It's only natural to expect praise for the annual sports heavyweight. But this year seems especially interesting—it's the game's second year on next-generation consoles and, besides the expected year-to-year improvements, promises upgrades to one of the most beloved modes in the series—franchise.
With our review live, let's step back and take a look at some of the most notable expert reviews out there to get a feel for how Madden NFL 22 stacks up to prior releases.
Anthony J. Nash, Windows Central
While much attention has focused on upgrades to modes like franchise and Face of the Franchise this year, one of the most quiet, albeit bigger changes comes on the field itself.
Madden NFL 22 works overtime to change up how each game feels thanks to features dubbed Gameday Momentum and Gameday Atmosphere.
At Windows Central, Anthony J. Nash had huge praise for the momentum feature in his unscored review:
"Gameday Momentum, much like its name suggests, is an addition that brings with it changes to the ebbs and flows of how you're playing. While homefield advantage has always existed in sports games, Madden NFL 22 tweaks this a bit with the addition of a new Momentum Meter and unlockable perks called M-Factors (Momentum Factors). These M-Factors are similar to how X-Factors exist in the game for specific players, but only for the 32 different stadiums in the NFL. Now, how you play in the game will either add or subtract from the the Momentum tracker that appears above the scoreboard. Each stadium also has its own unique M-Factors, ranging from playart not showing up to the buttons for receivers no longer appearing if you're performing too poorly."
It's not just a fun addition to the gameplay; it's one of those that should make onlookers wonder why it hasn't been done earlier. Fighting an opponent for space on the momentum bar is just another wrinkle to gameplay that makes the overall experience more enjoyable.
Similar story for the complementary atmosphere feature. The advantages given to the home team aren't too powerful, but they are realistic.
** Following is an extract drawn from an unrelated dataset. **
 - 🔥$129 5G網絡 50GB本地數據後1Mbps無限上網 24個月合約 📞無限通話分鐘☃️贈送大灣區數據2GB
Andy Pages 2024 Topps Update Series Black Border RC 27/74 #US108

More importantly, they help each game (especially during a 17-game franchise mode or something) feel different.
Mark Delaney, Games Radar +
As fans have come to expect, Madden NFL 22 continues the tradition of offering up as many game modes as possible to as wide of an audience as possible.
In his review-in-progress at Games Radar +, Mark Delaney offers up a take on those:
"Beyond Franchise, Madden 22 returns the same eclectic suite of modes as last year's game, usually with some appreciable differences, such as more cosmetic rewards in The Yard, a new half-decent story in Face of the Franchise with a new linebacker option, and the everpresent upward ramp of slightly better visuals, commentary, and presentation than the year before. In each case, the changes all feel peripheral to Franchise's focused fixes."
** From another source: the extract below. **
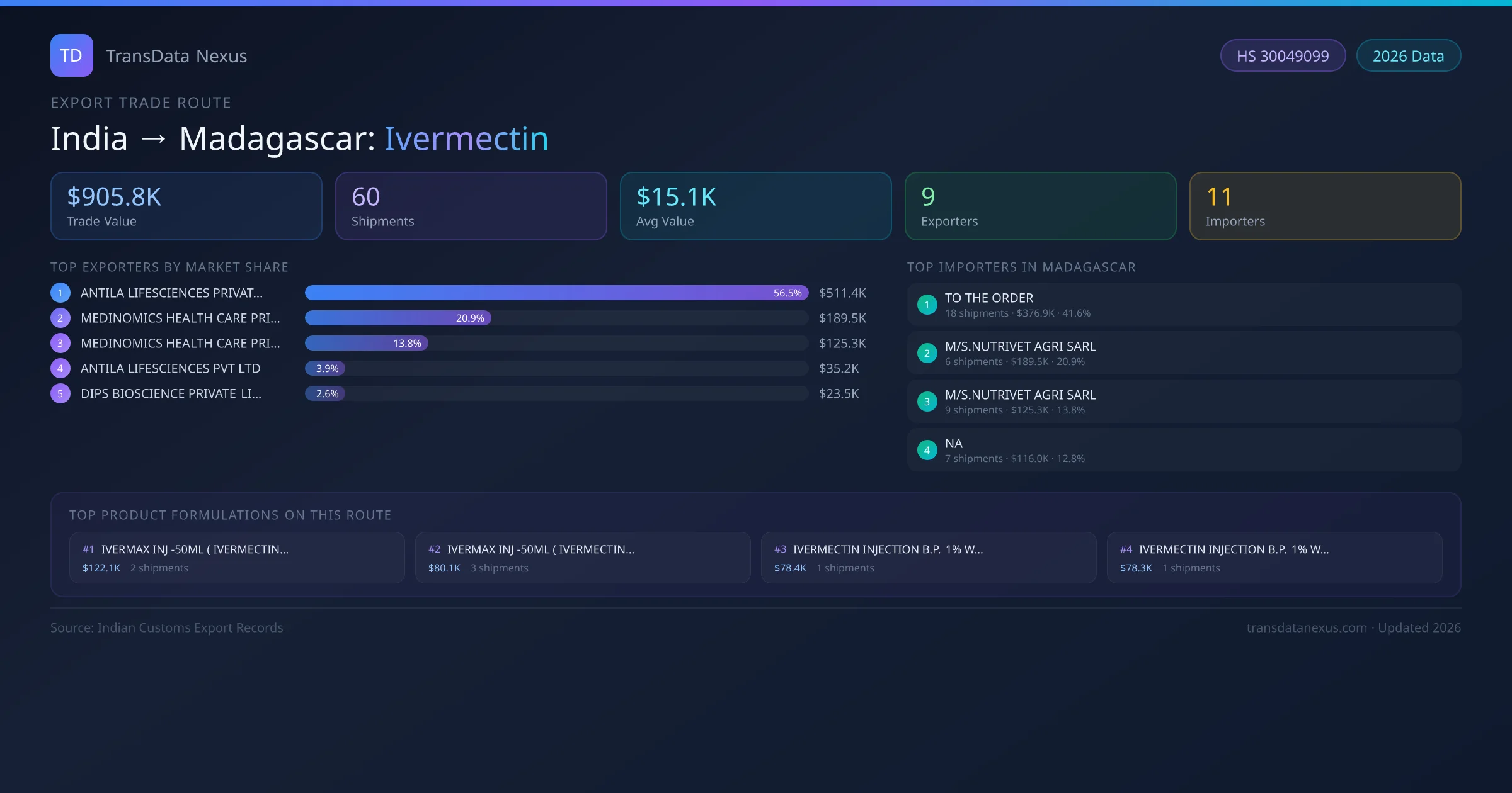 The India to Madagascar Ivermectin corridor is one of India's established pharmaceutical export routes, with 60 shipments documented worth a combined $905.8K USD. The route is dominated by ANTILA LIFESCIENCES PRIVATE LIMITED, which alone accounts for roughly 56% of all export value, reflecting the consolidated nature of India's ivermectin manufacturing sector.

It's a little akin to the Tampa Bay Buccaneers being able to re-sign everybody after a title win—an embarrassment of riches.
Over in Face of the Franchise, players can enjoy a single-player campaign with some interesting stories and possibilities. It's not without faults, but it's a fresh-feeling experience. Progress gained by a player's Avatar there gets shared with progress made in The Yard, the quicker, arcade-inspired mode that lets players globe-hop and play a campaign, too.
Then there's the collection-frenzied mode that is Ultimate Team, plus typical staples like online play and, as many fans might suggest as the most important mode of all, franchise.
Brian Shea, Game Informer
After seemingly going largely ignored for years while the game focused on other things like Ultimate Team, fan protests and online movements saw EA Sports start to add in features for franchise during last year's game.
And now EA Sports has kicked it up a notch with new feature additions for the beloved mode.
The additions are a big part of Brian Shea's in-progress review at Game Informer:
"Franchise mode also introduces some noteworthy improvements, including new skill trees for four coaches on your staff. I also like the weekly game planning that grants boosts depending on which strategies and focuses you choose for offense and defense, as well as the ability to decide how intense you want practice to be in the lead up to the game. It's still not the full step that fans wanted going into Madden NFL 21, but with all of the changes from last year's post-launch updates added in, plus a promised scouting update tentatively scheduled for next month, the mode is slowly getting there."
On one hand, the additions don't feel too different from features already present in say, EA Sports' NHL title. On the other, it's certainly nice to see a fan-favorite mode get some serious love.
And the love simply adds more depth and immersion, so it's hard to complain. Giving RPG-lite skill trees to the coaching staff is a fun way for a player to spend time and points. And different game plans on a weekly basis centered on the traits of the upcoming opponent is a nice touch, as is needing to manage the nature of practices (full pads or no), which has an impact on health and in-game stamina.
As Shea says, the mode is slowly on the right path, but it's worth circling the upgrades in red ink as a highlight of this year's game.